The static force opposes the motion of the object, and the maximum value of the static-friction force is proportional to the normal force `F_n` . The normal force is equal to the vertical component of the force `F` . Keeping the magnitude of `F` constant and increasing theta from zero results in an increase in the vertical component of the force and a decrease in `F_n` ; thus decreasing the maximum static-friction force `f_(max)` . The object will begin to move if the horizontal component of the force exceeds `f_(max)` .

Apply Newton's second law to the block and solve for `F` in terms of `theta` .

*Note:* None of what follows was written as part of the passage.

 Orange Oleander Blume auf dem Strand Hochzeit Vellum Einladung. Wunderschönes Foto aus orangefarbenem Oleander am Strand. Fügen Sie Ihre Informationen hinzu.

`eq. (1) :->` `sum F_x=Fcos(theta)-f_s=0`

and

`eq. (2) :->` `sum F_y=F_n+Fsin(theta)-mg=0`

The maximum magnitude of force that can be applied before the block slips is:

`f_s=f_(s,max)=mu_s*F_n`

Now eliminate `f_s` and `F_n` in `eq. (1)` and `eq. (2)` and solve for `F` .

You will find that the force as a function of angle is

`F(theta)=(mu_smg)/(cos(theta)+mu_ssin(theta))`

Now to find the minimum force we must take the derivative and set it equal to zero to find the critical value of theta between `0` and `pi/2` .

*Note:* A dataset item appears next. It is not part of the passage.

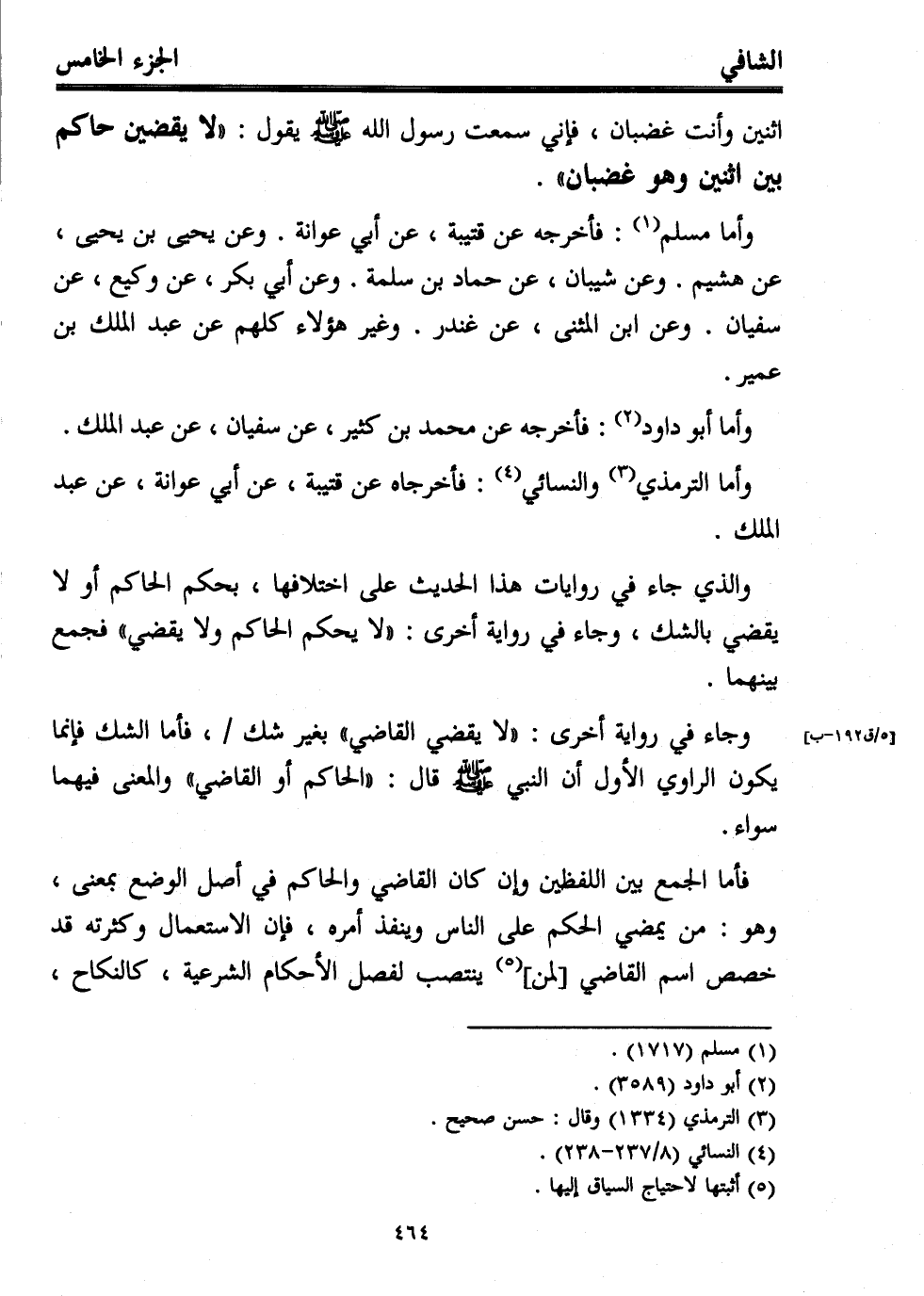 والذي جاء في روايات هذا الحديث على اختلافها، بحكم الحاكم أو لا يقضي بالشك، وجاء في رواية أخرى: "لا يحكم الحاكم ولا يقضي" فجمع بينهما.

`(dF(theta))/(d theta)=-(mu_smg)(-sin(theta)+mu_scos(theta))/(cos(theta)+mu_ssin(theta))^2=0`

This equation is satisfied when the numerator is equal to zero. Therefore:

`(dF(theta))/(d theta)=-(mu_smg)(-sin(theta)+mu_scos(theta))=0`

`(-sin(theta)+mu_scos(theta))=0`

Solve for `theta` .

`sin(theta)=mu_scos(theta)`

`tan(theta)=mu_s`

`theta=tan^-1(mu_s)+pi*n` , `n` = any integer

Although we only care about solutions between `0` and `pi/2` so let `n=0` . Then we have one solution which is:

`tan^-1(0.6)~~pi/6`

`F(pi/6)=(mu_smg)/(cos(pi/6)+mu_ssin(pi/6))`

`F(pi/6)=(240 N)/(sqrt(3)/2+0.6*1/2)~~206 N`

Hence at an angle of about `pi/6` it only takes about `206 N` to move the box, which is the minimum possible value.